Теперь он не решался спуститься обратно на землю, в этот низший смутный мир, привычный человеку, где бродят тревога и вожделение. Состояние, которое он только что познал, с первым взглядом, обращенным к утру, придавало ценность одиночеству. Как только он спустится к людям, как только утратит свою чудесную привилегию, одиночество вновь станет несчастным мучительным состоянием, в котором желания находят бесконечный болезненный отклик. День тогда станет похож на пустое небо, в которое ударяет колокол, неподвижное и напряженное в ожидании новых ударов. Ариадна была там, он это знал, – в начале и в конце этого морозного дня, и он смотрел, как она приближается к нему, вырастая, подстерегал каждый из невидимых шагов, которые она делала в его сердце. Но не лучше ли было вовсе не уходить из того мира, в котором шаги Ариадны оставались невидимыми, а ему не приходилось расставаться с нею?

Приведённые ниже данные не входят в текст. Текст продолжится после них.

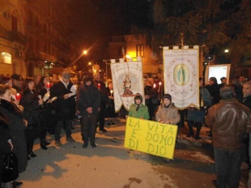 “Per difendere la Vita” e per gioire del dono della “Vita”: “Generare la vita vince la crisi”, questo è stato il tema della 35.ma Giornata nazionale della Vita indetta domenica 3 febbraio 2013 dalla Cei (Conferenza Episcopale Italiana). La Comunità Ecclesiale di Ravanusa e il C.A.V. (centro aiuto alla vita) hanno vissuto una tre giorni per ringraziare e riflettere sull’importanza del dono della Vita. Venerdì 1 un momento di preghiera ha riunito le persone al cimitero davanti al monumento dei bambini mai nati, a cui è seguita una processione fino alla Chiesa San Michele per un momento di adorazione e di preghiera davanti a Gesù Eucaristia. Sabato 2 si è intensificata la promozione della campagna europea “Uno di noi” lanciata dal Movimento per la Vita, un progetto che mira a raccogliere, entro novembre, un milione di firme, affinchè il legislatore dell’Unione Europea provveda ad introdurre un divieto alle attività presupponenti la distruzione di embrioni umani,tutelando la vita sin dal concepimento. Domenica 3 “Giornata nazionale della Vita”, in tutte le Parrocchie si sono vendute delle “primule”, rappresentanti lo sbocciare di una nuova vita, il cui ricavato sosterrà i bisogni del C.A.V.; alle ore 19:30 dello stesso giorno la Comunità Ecclesiale di Ravanusa con tutti i vari movimenti, gruppi, associazioni ecc. si è riunita davanti al “Milite Ignoto” (P.zza Crispi) per dare inizio alla 3^ “Marcia per la Vita”. Un corteo numeroso ha vissuto dei momenti di riflessione e di preghiera; la marcia ha percorso l’intero Corso della Repubblica, soffermandosi in Piazza Garibaldi per poi concludersi in Piazza I Maggio davanti la Chiesa Madre. Oggi accogliere una nuova vita sembra implicare esclusivamente dei costi, non si guarda più al dono che è quel bambino, quella creatura che sta diventando il futuro reale. Lo fa nella sua carne, nel suo vagito, nel suo sorriso, sta mostrando che è possibile una vita realmente più umana per l’intera società. E allora, ogni bambino che nasce è per noi motivo di speranza. “Generare la vita vince la crisi” è un invito ad una vera sfida, quella di partire dalla crisi per poter essere generativi di vita, di rintracciare in questa situazione di crisi una nuova solidarietà tra le famiglie, per uno sguardo più umano, arricchito dallo sguardo della Croce di Cristo che diventa motivo di speranza.

Он не спеша оделся и направился к Дому, как можно медленнее, шагом, равным каждому вздоху земли. По заледеневшему склону было трудно спускаться, но он удержался от бега, чтобы дать всему, что ожидало его по дороге, наполнить собой его взгляд. Наконец, он подошел к крыльцу и уже собирался подняться, зная, что Ариадна ждет его за дверью, но был остановлен ударами своего сердца. Симон на секунду облокотился на перила и посмотрел на поднимающиеся ступеньки, совершенно белые в утреннем свете. Он говорил себе, что Ариадна там, у двери маленького читального зала, выходящей в коридор. Он знал, что дверь будет приоткрыта, и в снопике света он увидит ее, стоящую, с горящей от солнца правой щекой… Не довольно ли этой уверенности? Не содержится ли в ней все его счастье?.. Как и каждое утро, он почти не успеет разглядеть ее, но он знал, что она готова отдать ему бесценный дар, в который вкладывала всю себя: один взгляд, тот обнаженный взгляд, который она больше не думала защищать и словно направленный на одного него. Она только что спустилась из Нанклэра и, должно быть, шла, как и он, по снегу, оборачивалась, как и он, к великой гряде, к сияющим лесам. Возможно, она встала только несколько минут назад, но она уже отвоевала у сна все, что могла уступить ему от себя самой. Стоит только открыть эту дверь, и он увидит ее, вышедшую нетронутой из большого ночного путешествия, возвратившуюся из ночи с полным самообладанием, не оставив ей ничего ни от изящества своего тела, ни от безукоризненной свежести, делавшей ее кожу похожей на кожицу плода. Ночь не должна оставить на ее лице ни одной морщинки, ни одной тени, не должна лишить ее ни одной ресницы. Она отдохнет во всей своей чистоте, улыбающаяся, серьезная, готовая ко всему, что могли от нее потребовать мудрость или любовь, в том состоянии неусыпного бодрствования, от которого лучилось все ее тело…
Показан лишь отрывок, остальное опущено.